Virginia General Assembly Approves Landmark Crypto Kiosk Regulations to Combat Fraud and Protect Consumers
RICHMOND, Va. — The Virginia General Assembly has passed bipartisan legislation establishing comprehensive regulations for cryptocurrency kiosks, commonly known as crypto ATMs, to safeguard consumers from rampant scams.[3][1]
The bills, HB 665 in the House of Delegates and SB 489 in the Senate, cleared both chambers with strong support. The House passed HB 665 last week by an 84-13 vote, while the Senate approved SB 489 unanimously. The measures now await Governor Glenn Youngkin’s signature to become law.[3][1]
Key Protections Target Scam Vulnerabilities
Sponsored by Delegate Michelle Maldonado (D-Manassas) in the House and Senator Sadam Salim (D-Fairfax) in the Senate, the legislation addresses the proliferation of crypto kiosks in convenience stores, gas stations, and other retail locations. These machines, which resemble traditional bank ATMs, allow users to purchase cryptocurrency and transfer funds to digital wallets—but their unregulated nature has made them a prime tool for fraudsters.[3][1]
Nationwide, crypto kiosk scams resulted in approximately $330 million in losses in 2025 alone. In Virginia, victims include a Southwest Virginia resident who lost $15,000 and multiple cases in Fairfax County. Scams represent about 7% of the industry’s business, often targeting seniors who mistake the kiosks for regular ATMs.[1][3]
“They look like ATMs. They’re shaped like ATMs. But instead of taking money out, you’re sort of putting money in to purchase crypto that goes into a broader exchange,” Delegate Maldonado explained, highlighting the confusion exploited by scammers.[1]

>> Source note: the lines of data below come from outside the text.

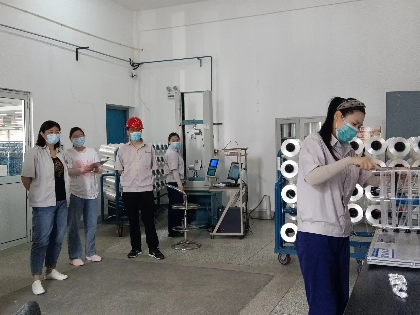 上午9:30,物檢班組緊接著開始比賽。纖度檢測(cè)首先上場(chǎng)的是王玉梅同志,掛絲、繞絲、打結(jié)、稱重有條不紊的完成了比賽。強(qiáng)度檢測(cè)比賽中侯義芹同志第一個(gè)出場(chǎng),以幾乎完美的表現(xiàn)完成了比賽。經(jīng)過激烈的角逐,王娟同志以4分10秒05獲得了纖度檢測(cè)第一名,侯義芹同志1分51秒14獲得強(qiáng)度檢測(cè)第一名 。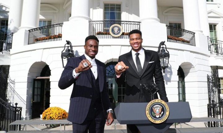 Μαζί με τα δαχτυλίδια τους και την υπόλοιπη ομάδα των Μπακς βρέθηκαν το μεσημέρι (ώρα Αμερικής) της Δευτέρας στον Λευκό Οίκο, όπου θα και θα τιμηθούν από τον Μπάιντεν και τους συνεργάτες του, όπως γίνεται κάθε χρόνο με την πρωταθλήτρια ομάδα του NBA, αν και τα τελευταία 4 χρόνια κάτι τέτοιο δεν συνέβαινε λόγω… Τραμπ.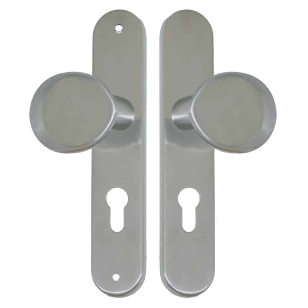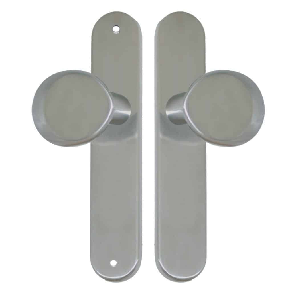 Poignée palière massive en inox sur plaques massives ; ensemble double palière ou palière seule compatible avec nos ensembles inox ea.195mm entraxe 70 et 92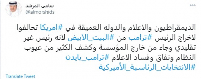 وكتب في تغريدة عبر "تويتر" رصدها "المشهد العربي": "الديمقراطيون والإعلام والدوله العميقة في أمريكا تحالفوا لإخراج الرئيس ترامب من البيت الأبيض لأنه رئيس غير تقليدي وجاء من خارج المؤسسة وكشف الكثير من عيوب النظام ونفاق وفساد الإعلام".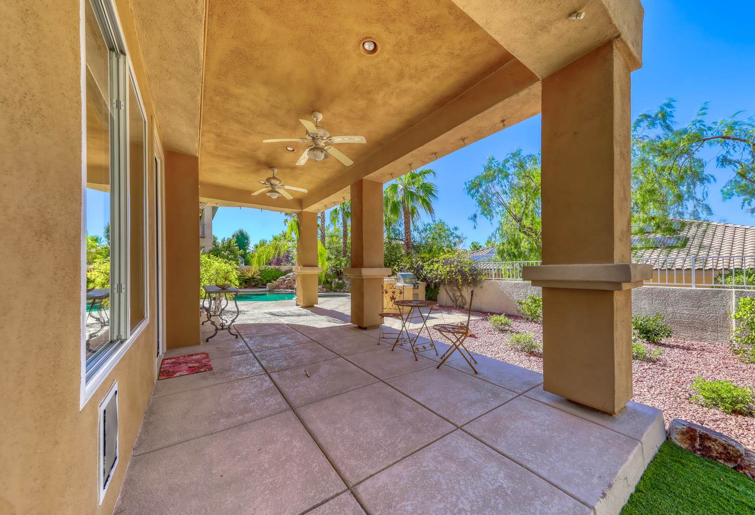 But don’t forget your own back yard. Within the guarded gates of this secluded community you’ll find a private park, basketball and tennis courts, all available for your use. Step through the gates and you have access to miles of pedestrian walkways, winding throughout the Green Valley Ranch community.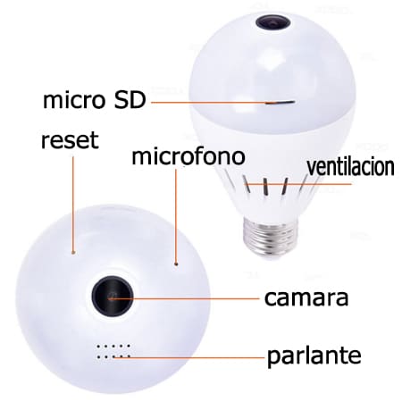 Camara Lampara Vigilancia 360 Panoramica Wifi IP Modelo HELIOS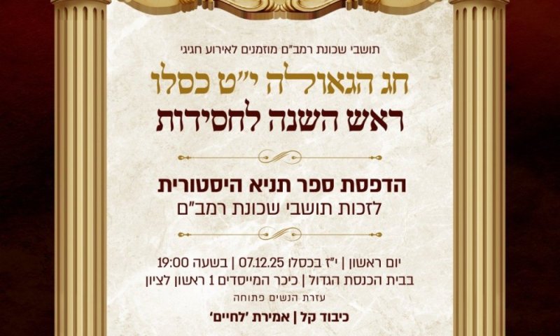 אירוע ההדפסה החגיגי יתקיים אי"ה ביום ראשון, י"ז בכסלו תשפ"ו (7.12.25) בשעה 19:00, בבית הכנסת הגדול בכיכר המייסדים. במעמד ישתתפו רבני העיר, שלוחי חב"ד, אישי ציבור, ותושבים מכל רחבי ראשון לציון שיבואו להשתתף ברגע רוחני של השראה, חיבור ואחדות.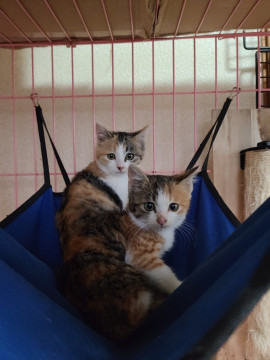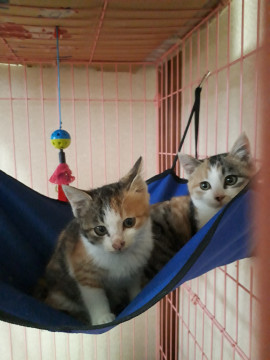 コロコロして可愛いです、チュールに釣られて保護となりました、三毛猫模様も綺麗な子です。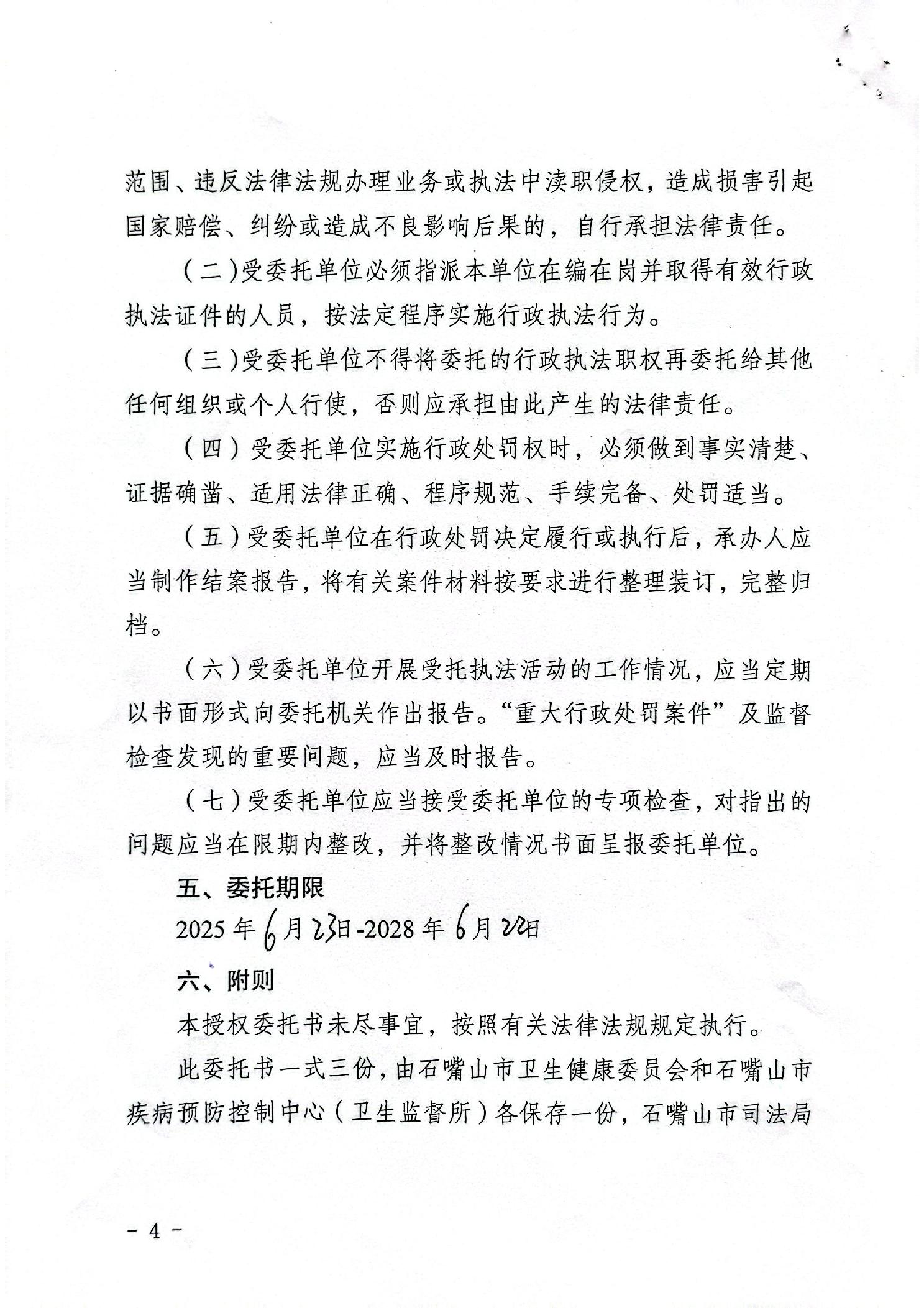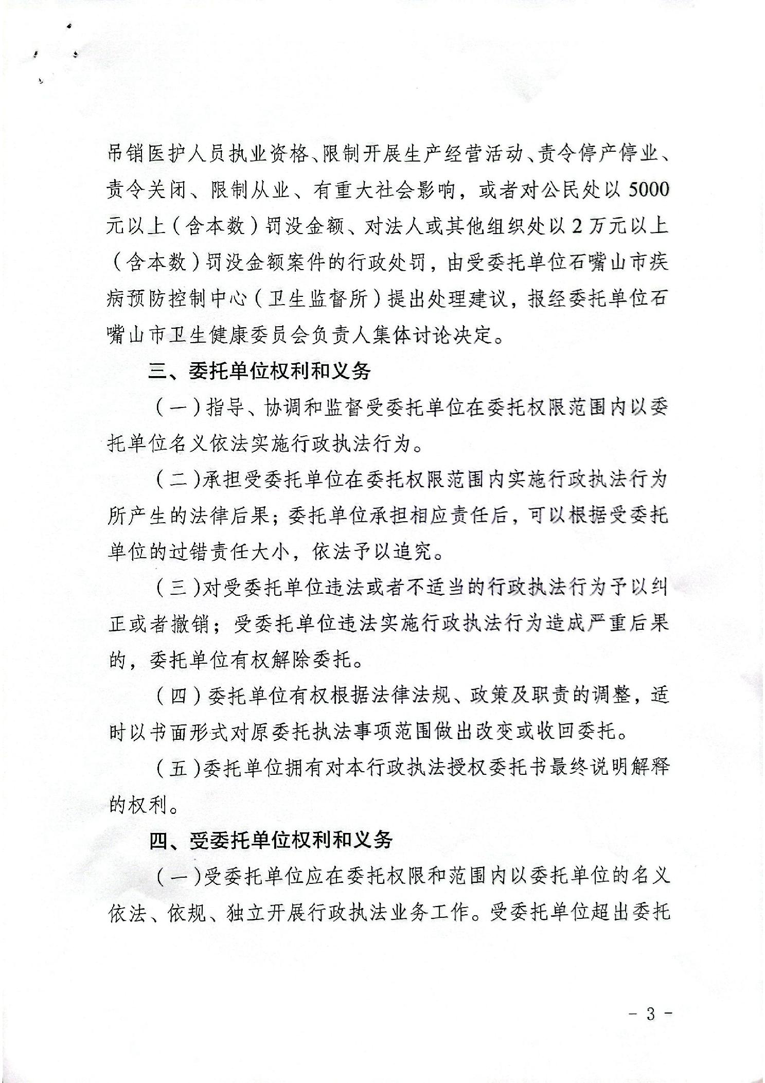 石嘴山市卫生健康行政执法授权委托书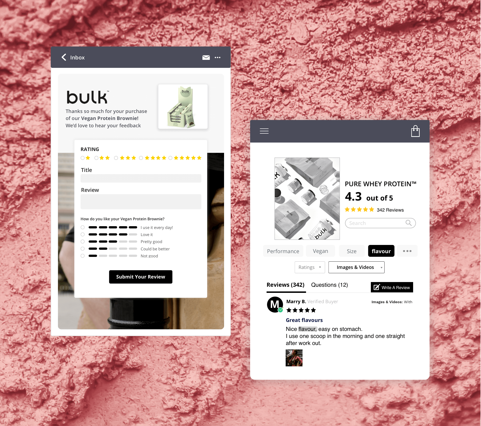 To bolster their brand-building initiative and support their expansion efforts, The Pixel recommended a switch to Yotpo’s solutions for Reviews and Visual UGC, a move that enabled Bulk to tap into the power of authentic customer content on social, in emails, and onsite. As a company that sells nutritional products, Bulk is bound by the restrictions of the FDA, which scans their site on an almost daily basis for incorrect or misleading information. To protect their customers, Bulk wanted to leverage the power of social proof to let shoppers do the talking for them.
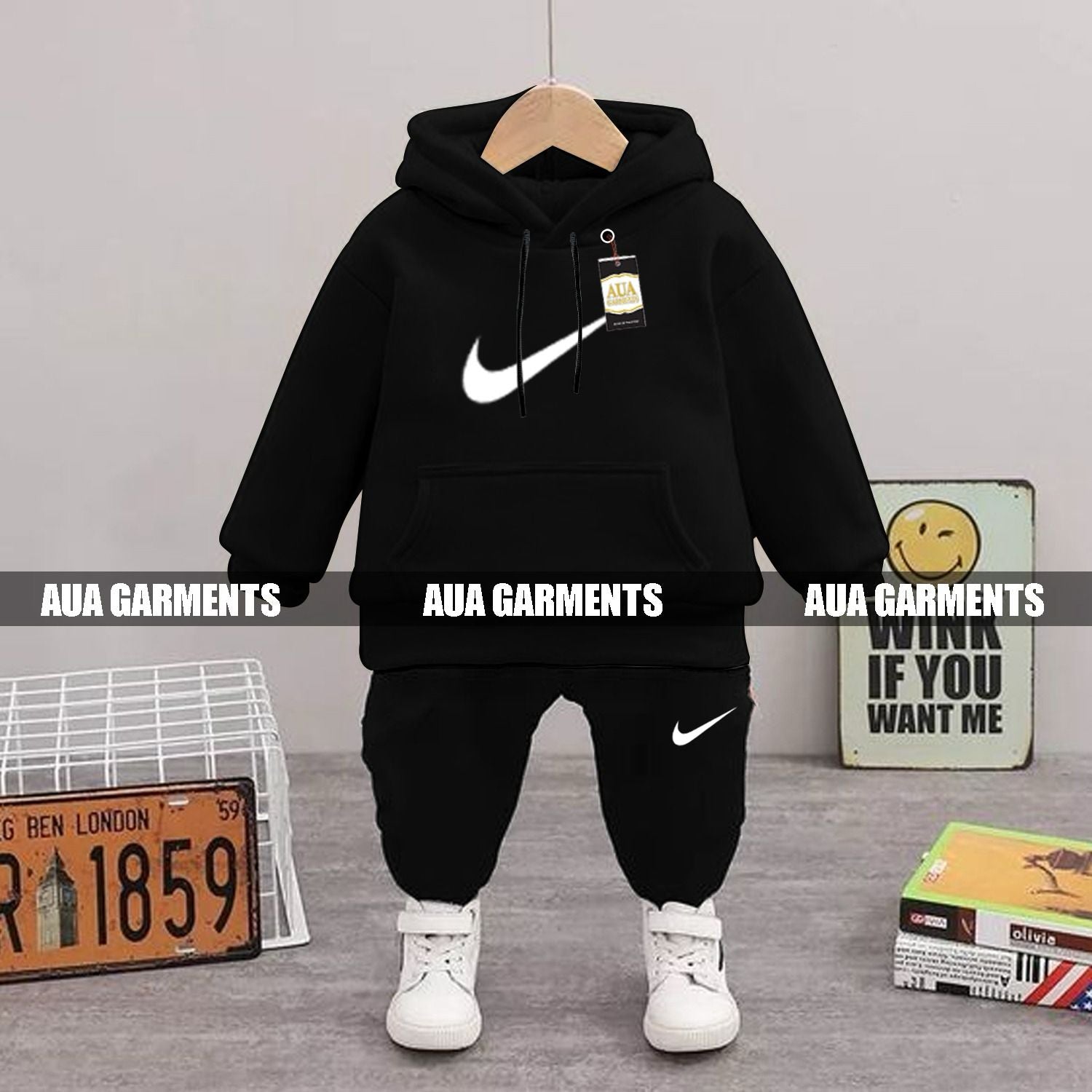 BLACK NIKE Printed Kid's Tracksuit Set with Hoodie and Trousers (1-10 Years)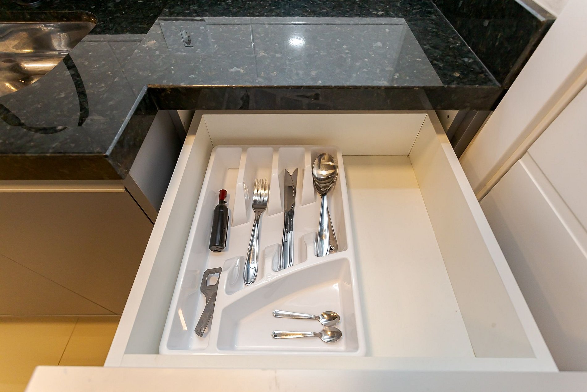 • Cozinha completa: equipada com geladeira, cooktop, air-fryer, micro-ondas, cafeteira, chaleira elétrica, panelas, além de pratos, copos, taças, talheres e utensílios.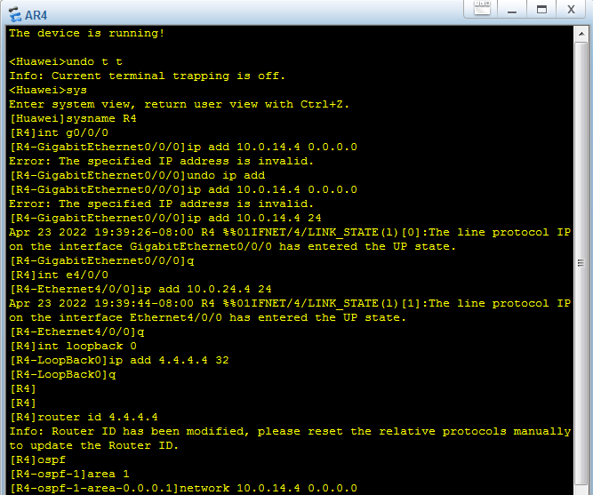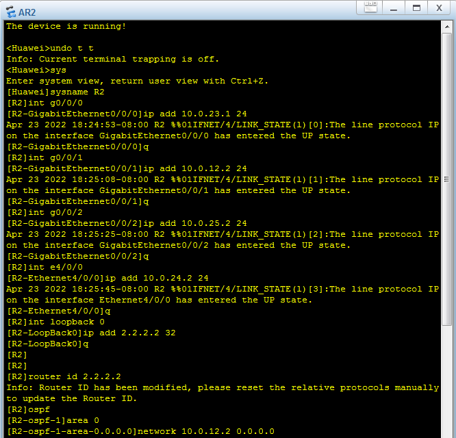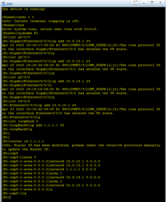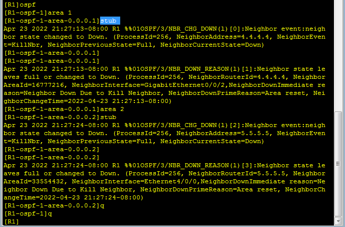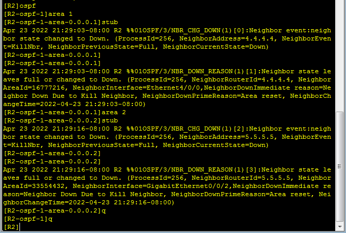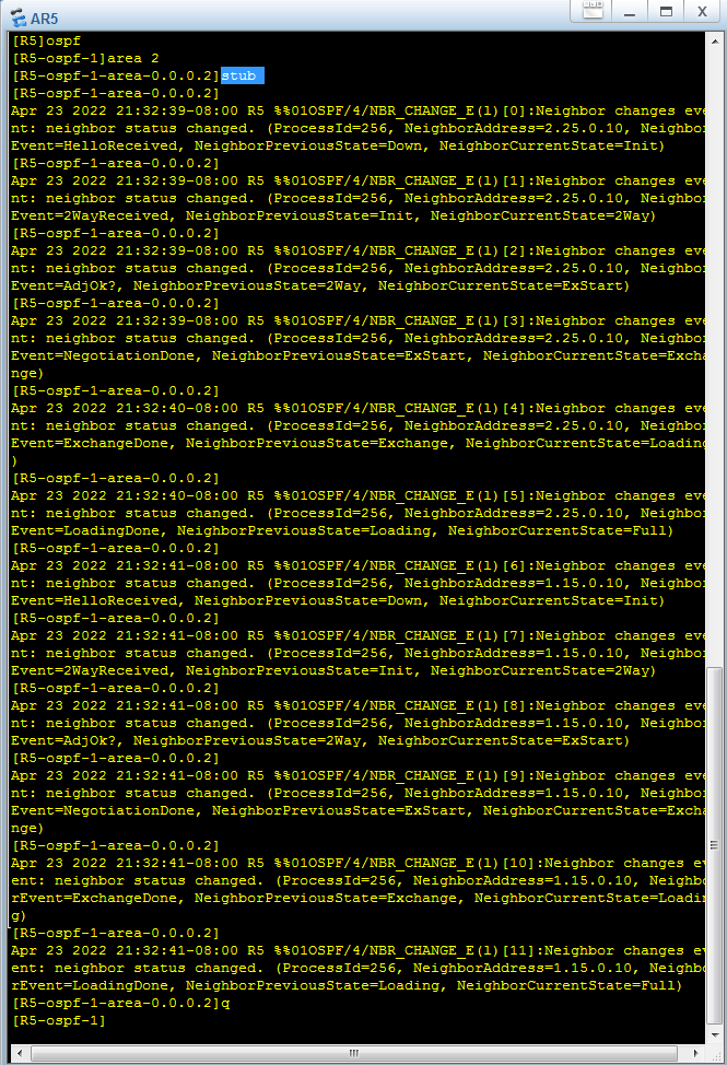 下面进行 Totally Stub 区域的配置。注意,由于分支路由器R4和R5与总部之间是双出口设计,所以每个区域中都存在两台ABR。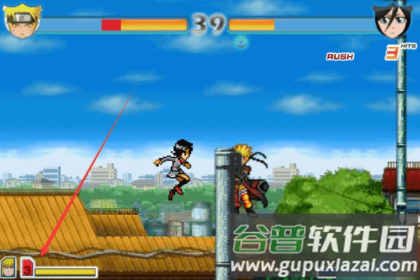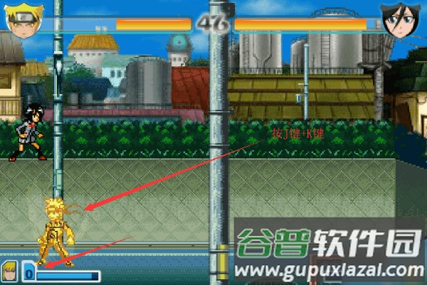 4、同时按下J键与K键即可觉醒为金色鸣人形态。
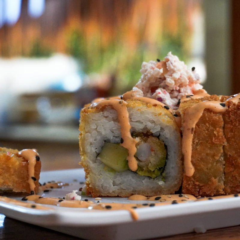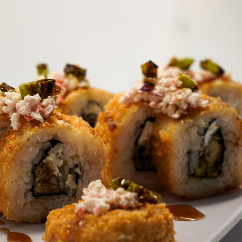 camaron empanizado , queso crema y aguacate por dentro . cangrejo spicy por fuera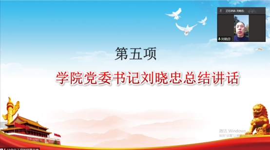 活动最后,公司党委书记刘晓忠做总结讲话。他指出,今天的主题党日活动有意义,活动安排有特色;赵书记的微党课分享结合个人工作生活实际,内容丰富,既有理论高度,又有情感温度和实践深度,为我们下一步工作指明了方向。随后,他从推进马克思主义中国化时代化、正确把握社会主要矛盾和中心任务、重视战略策略问题、永葆党的马克思主义政党本色、党史学习教育常态化长效化等五个方面,与大家分享了学习习近平总书记重要讲话精神的心得体会。最后,他要求大家要切实做好个人自我防护,合理安排个人学习、工作和生活,积极参加志愿服务,在疫情防控的实践中践行“请党放心,强国有我”的青春誓言。

The irreversible nature of blockchain transactions exacerbates the problem: “The thing about crypto is that once it goes into the exchange, which is in the blockchain environment, there’s no way to trace it. There’s no way to get it back,” Maldonado added.[1]
Robust Safeguards for New and Existing Users
The new rules impose statewide licensing requirements on operators, who must register with the state, pay fees, and submit regular business reports. Transaction fees are capped, with limits discussed around 15-18% in committee substitutes.[1][2][7]
- Licensing and Reporting: Operators classified as money transmitters must obtain annual licenses and adhere to disclosure protocols.[3][7]
- Transaction Limits: Daily caps for new users (defined variably as first 10-14 days) at around $2,000-$5,000, with monthly limits up to $10,000-$10,500 for all users.[2][7]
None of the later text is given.